When it comes to symbolism, costs are obviously completely irrelevant. The plans of the Danish government to isolate delinquent refugees who can not be deported after serving their sentence despite a final expulsion order on an island in the Baltic Sea promise to be extremely expensive.
According to preliminary calculations by the Ministry of Finance, it will cost the equivalent of more than 100 million euros to decontaminate the „epidemic island“ Lindholm, on which animal tests and research on viral diseases have been carried out for decades, and make it habitable as a „departure center“.
In addition, running costs of at least 240,000 euros per refugee per year would come – provided that the planned camp with 125 people is always fully occupied. The group in question is now housed in Kærshovedgård in Jutland. There, the corresponding costs amount to 34,000 euros per year, around one-seventh of them.
Given that their communities are forced to turn each crown three times, such handling of tax money is „completely insane,“ according to a statement issued on Thursday by several mayors. „A mockery“ commented the daily Information : Millions would be spent only to make the stay as miserable as possible for the people concerned.
Advocate of the taxpayer
Ironically, the rogue populist Danish People’s Party (DF), the driving force behind the concept of the „lonely island,“ otherwise likes to act as a taxpayer’s lawyer. His project was worth the price of the project, Martin Henriksen DF representative in Parliament’s Foreign Policy Committee emphasized: „There we have a lot better control over the people.“
However, as far as the ferry schedule and inmate fare are concerned, they will go „to the limit“ of what international conventions have made possible.

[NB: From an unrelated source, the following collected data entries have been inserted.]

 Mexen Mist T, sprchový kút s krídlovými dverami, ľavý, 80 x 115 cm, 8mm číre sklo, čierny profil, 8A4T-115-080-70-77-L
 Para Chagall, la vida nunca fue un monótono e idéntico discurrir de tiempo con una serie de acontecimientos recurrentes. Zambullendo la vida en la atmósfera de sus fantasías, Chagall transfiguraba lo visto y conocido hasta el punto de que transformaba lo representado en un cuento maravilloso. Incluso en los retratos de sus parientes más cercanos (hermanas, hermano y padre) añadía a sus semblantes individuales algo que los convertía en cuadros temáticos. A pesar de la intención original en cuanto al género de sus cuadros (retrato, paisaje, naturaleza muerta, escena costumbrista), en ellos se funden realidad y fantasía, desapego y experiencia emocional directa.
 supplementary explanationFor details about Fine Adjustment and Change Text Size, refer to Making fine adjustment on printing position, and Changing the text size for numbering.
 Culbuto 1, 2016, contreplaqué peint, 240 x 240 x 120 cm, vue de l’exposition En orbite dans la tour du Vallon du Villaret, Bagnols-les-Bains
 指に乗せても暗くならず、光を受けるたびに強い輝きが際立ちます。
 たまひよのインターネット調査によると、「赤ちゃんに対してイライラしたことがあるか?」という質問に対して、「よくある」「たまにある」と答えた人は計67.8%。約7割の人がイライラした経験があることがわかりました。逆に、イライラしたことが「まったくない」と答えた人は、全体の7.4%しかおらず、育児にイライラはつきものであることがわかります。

Critics fear that given a daily allowance of 4.15 euros, which is now paid out, it would be easy to figure out how easy it would be to make a kind of „Danish Alcatraz“ out of the island, where there is no drinking water, for example how the planned camp is already called internally in circles of the police.

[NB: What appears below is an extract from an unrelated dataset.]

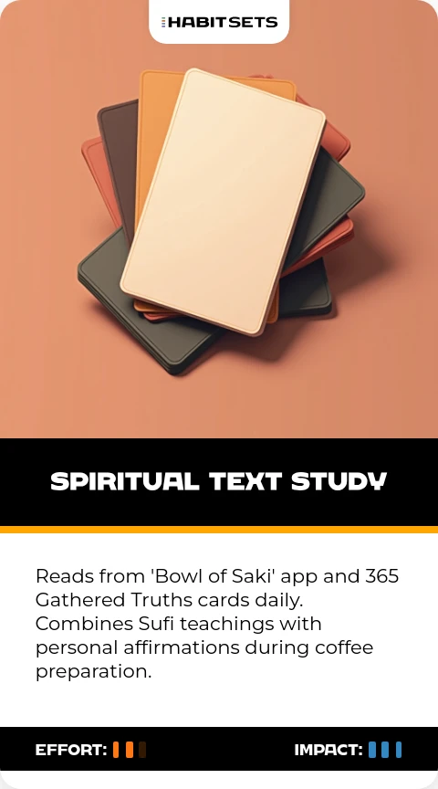 Reads from 'Bowl of Saki' app and 365 Gathered Truths cards daily. Combines Sufi teachings with personal affirmations during coffee preparation.
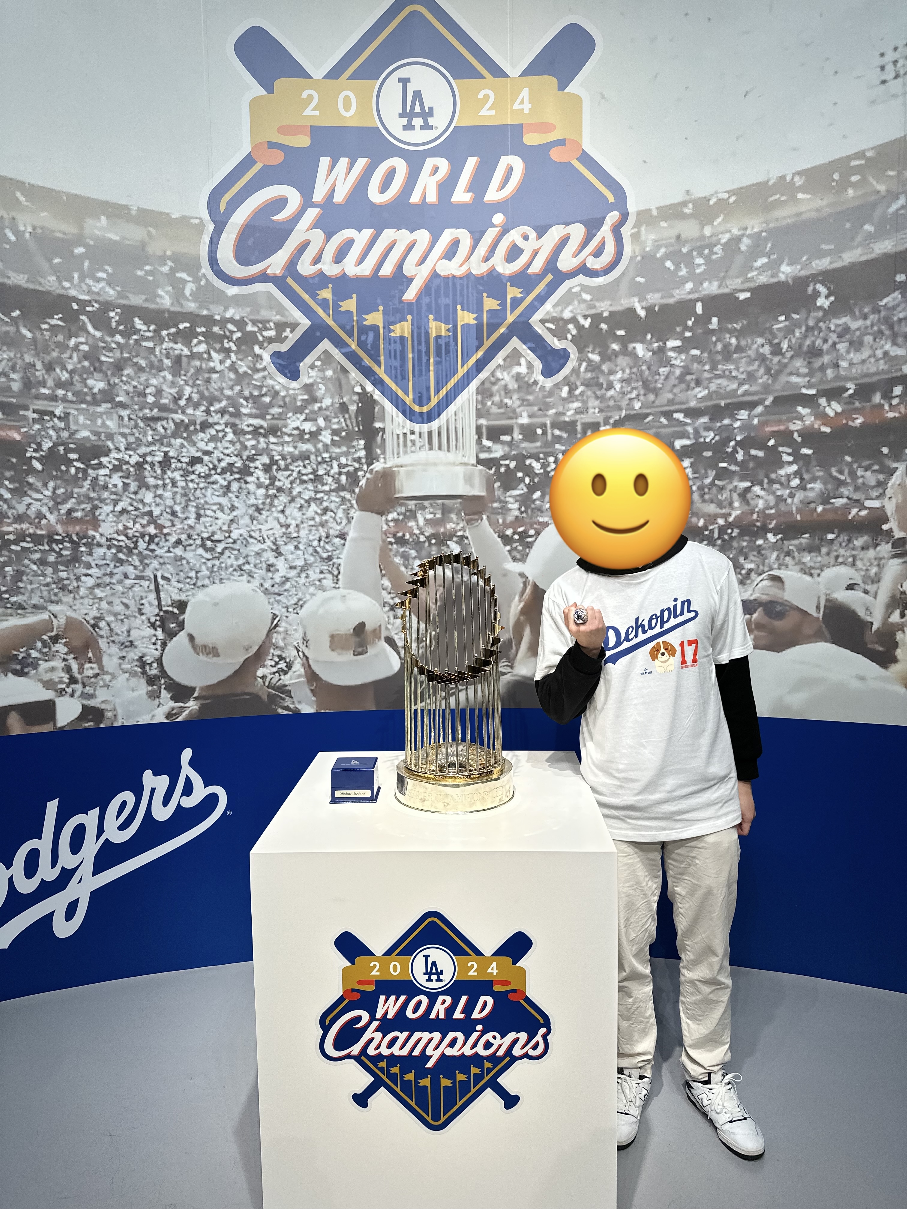 跟冠軍獎盃、戒指的合照。

„De facto, these people risk being deprived of their freedom,“ says Pernille Skipper, spokeswoman for the leftist „Unity List.“ The critics of the project also joined Michelle Bachelet, United Nations High Commissioner for Human Rights. „I really have serious concerns,“ she said Wednesday. One knows that „such isolation has negative consequences“. She warned against „stigmatization“ and announced a „dialogue“ with the Danish government.